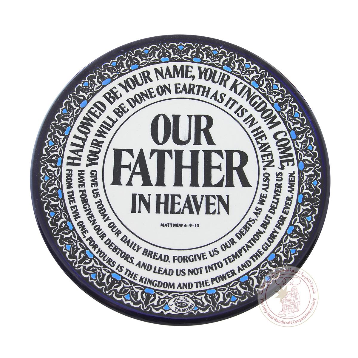 This 13 CM flat plate is adorned with the Lord's Prayer in English, Arabic, French, Spanish, German, Greek and Italian. It was made by ceramic artisans from Hebron.
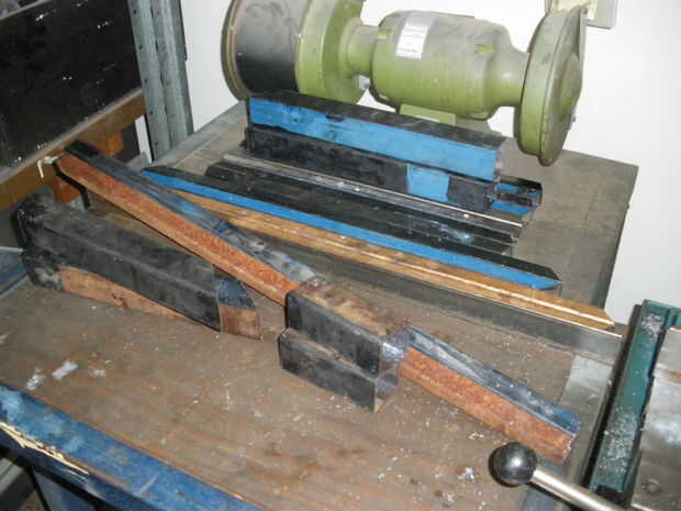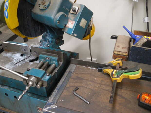 Mis dibujos eran bastante precisos, por lo que he trabajado lentamente, medición de ángulos y longitudes dos veces antes de cada corte. Para cortar, utilicé una sierra de corte en frío estacionaria, una sierra circular que corta lentamente a través de metal mientras se baña la cuchilla y el material en un fluido lubricante que mantiene el material y la cuchilla slick y cool. Es esencialmente una sierra de cortar metal, bien con cortes rectos, nivel, repetibles a través del acero y otros metales. Puesto que todas mis piezas son duplicados de otros, configurar plantillas para cada longitud. Para ello, con abrazadera acero chatarra a pista de la sierra para detener los tubos de acero a una distancia específica de la hoja (véase el cuadro por ejemplo). Usted puede averiguar lo que se necesita de los dibujos que adjunto a este instructivo, pero para simplificar, la lista de corte es el siguiente:
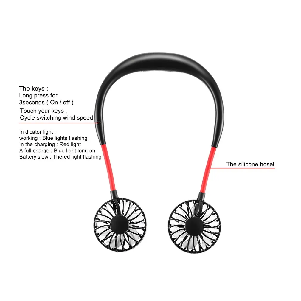 Портативный вентилятор на шею, 2 шт., с USB-зарядкой
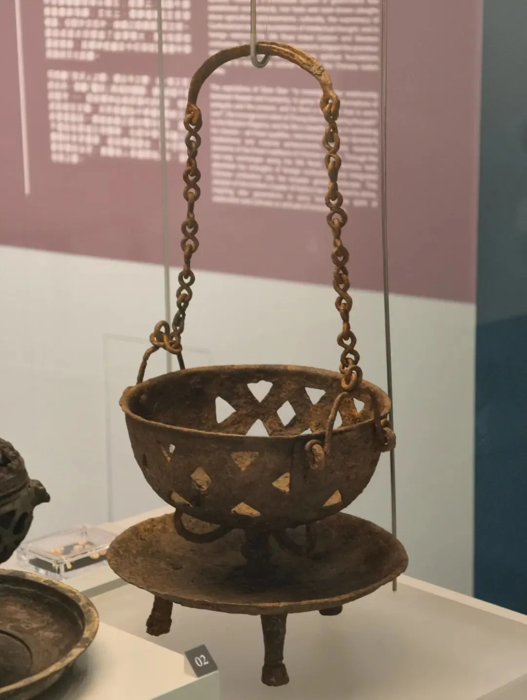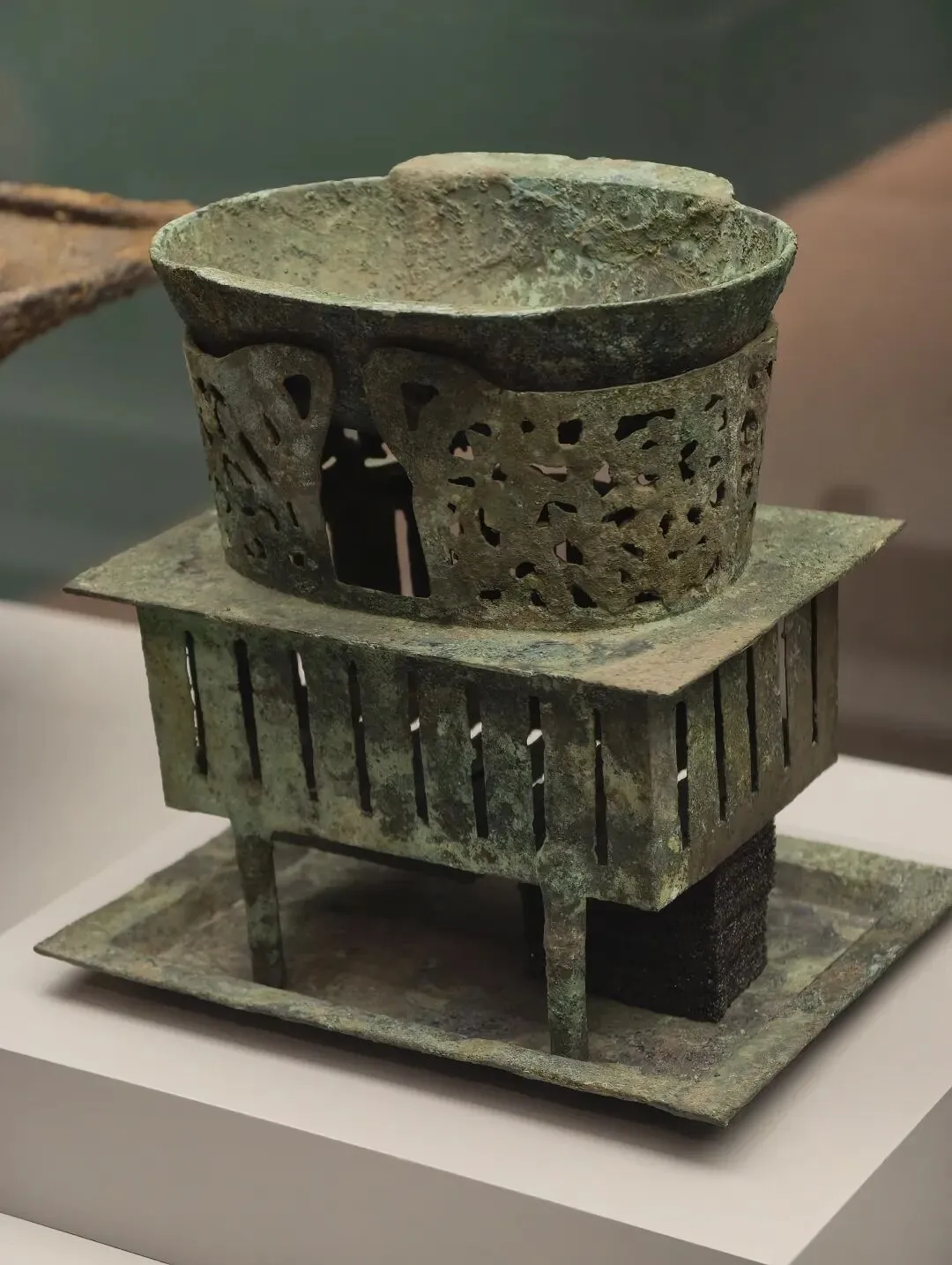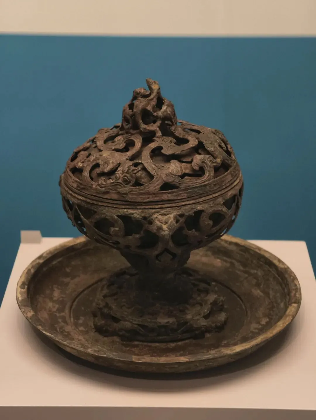 此炉镂空碗状物,当为放置香料之用,余烬通过镂孔漏入下部实心盘内。
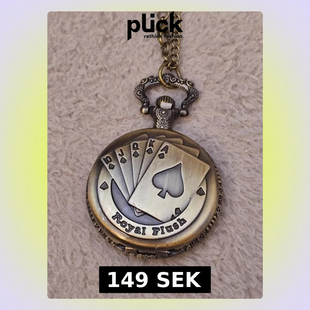 Ett vackert fickur med ett detaljerat motiv av en Royal Flush på framsidan. Baksidan har ett dekorativt blommönster. Uret har en vit urtavla med svarta siffror och en quartz urverk. Inkluderar en matchande kedja i antik bronsfärg. Batteri ingår Stl: diameter 4,7 cm Höjd: 6 cm Kedjans längd 80 cm
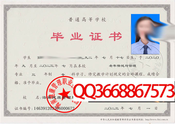 备注:本公司资料库存有海南健康管理职业技术学院的历年成人毕业证、自考毕业证、统招毕业证样本。拥有海南健康管理职业技术学院历任院(校)长。
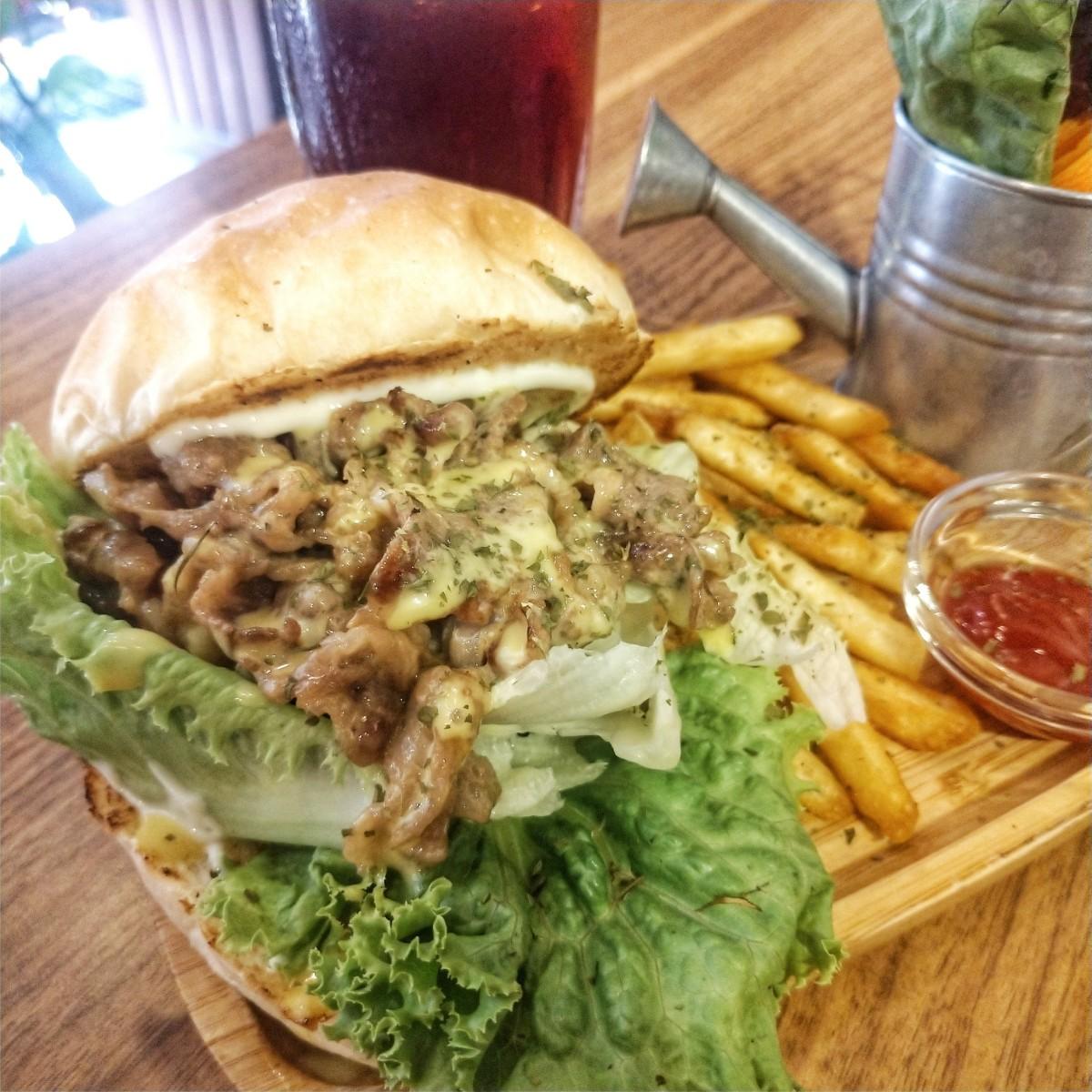 各位看這張照片就知道了,雪花牛肉片超多~送上桌的時候看到滿滿的肉覺得好開心呀😍漢堡裡搭配蜂蜜芥末醬很合,不會過於搶戲卻提味,旁邊的沙拉裝在澆水器也超可愛又美味!薯條跟紅茶表現平平
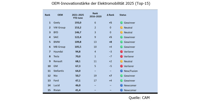 Aber auch die deutschen Automobilhersteller können die Innovationsstärke im Bereich Elektromobilität in den letzten Jahren deutlich steigern und etablieren sich zunehmend als zweitstärkste Kraft: Nach einer moderaten Position in den Jahren 2022–2024 nimmt der deutsche Innovationsanteil bis zum im ersten Halbjahr 2025 deutlich zu und erreicht rund ein Drittel der globalen Elektro- Innovationsstärke. Neben der VW Group, die weiterhin stabil auf Rang 2 rangiert, machen BMW und Mercedes im Periodenvergleich ein Sprung um 8 bzw. 4 Plätze nach vorn.
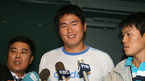 미국 탬파베이 데블레이스를 떠나 KIA 타이거즈와 계약금 8억 원, 연봉 3억 5000만 원, 옵션 4억 원 등 총 15억 5000만 원에 입단 계약을 맺은 최희섭이 11일 정재공 단장과 함께 인천공항을 통해 입국했다. 최희섭이 많은 취재진에 둘러싸여 인터뷰하고 있다./인천공항=손용호 기자spjj@osen.co.kr <2007 삼성 PAVV...
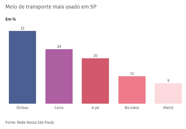 Modos de mobilidade mais usados na cidade de SP. Fonte: Rede Nossa São Paulo
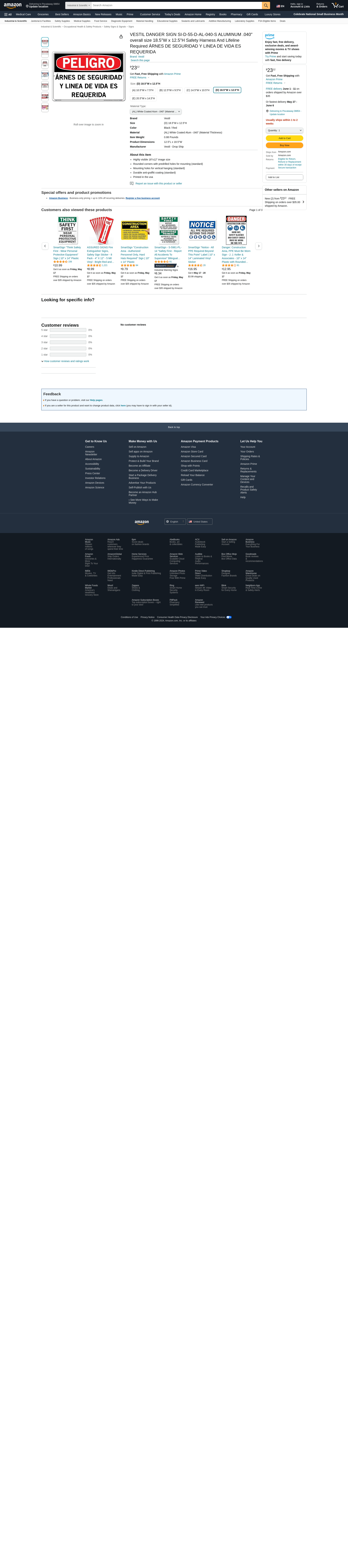 VESTIL DANGER SIGN SI-D-55-D-AL-040-S ALUMINUM .040" overall size 18.5"W x 12.5"H Safety Harness And Lifeline Required ÁRNES DE SEGURIDAD Y LINEA DE VIDA ES REQUERIDA
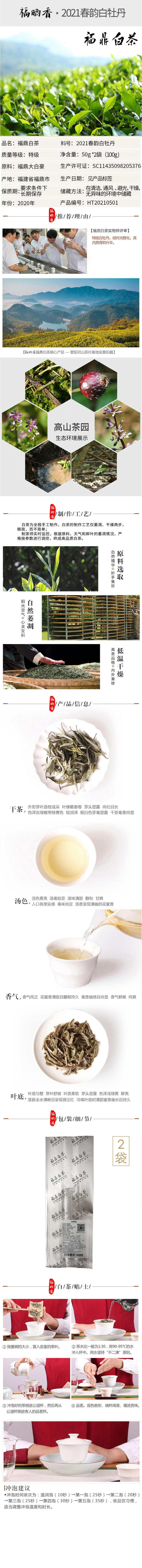 福晒香福鼎白茶2020年特级春韵白牡丹50g*2袋
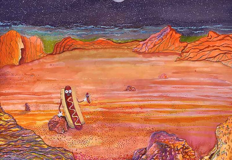 A Hotdog Holding A Hotdog On Mars painting
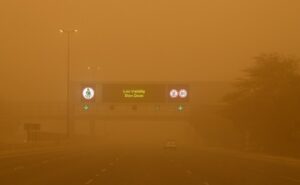 2022年3月4日,在科威特首都科威特城,汽车行驶在沙尘中。新华社发(阿萨德摄)
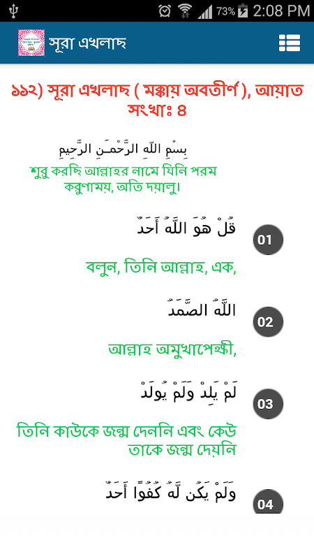 Lengkap Kudus Qur`an semua nama surah dengan terjemahan bangla.

.....

## WHAT TO WORK ON
Please reproduce the lines exactly from the one containing "Modos de mobilidade" through the last line of the data above, and keep the pictures out.

## SOLUTION TO THIS PROBLEM
 Modos de mobilidade mais usados na cidade de SP. Fonte: Rede Nossa São Paulo
 VESTIL DANGER SIGN SI-D-55-D-AL-040-S ALUMINUM .040" overall size 18.5"W x 12.5"H Safety Harness And Lifeline Required ÁRNES DE SEGURIDAD Y LINEA DE VIDA ES REQUERIDA
 福晒香福鼎白茶2020年特级春韵白牡丹50g*2袋
 A Hotdog Holding A Hotdog On Mars painting
 2022年3月4日,在科威特首都科威特城,汽车行驶在沙尘中。新华社发(阿萨德摄)
 Lengkap Kudus Qur`an semua nama surah dengan terjemahan bangla.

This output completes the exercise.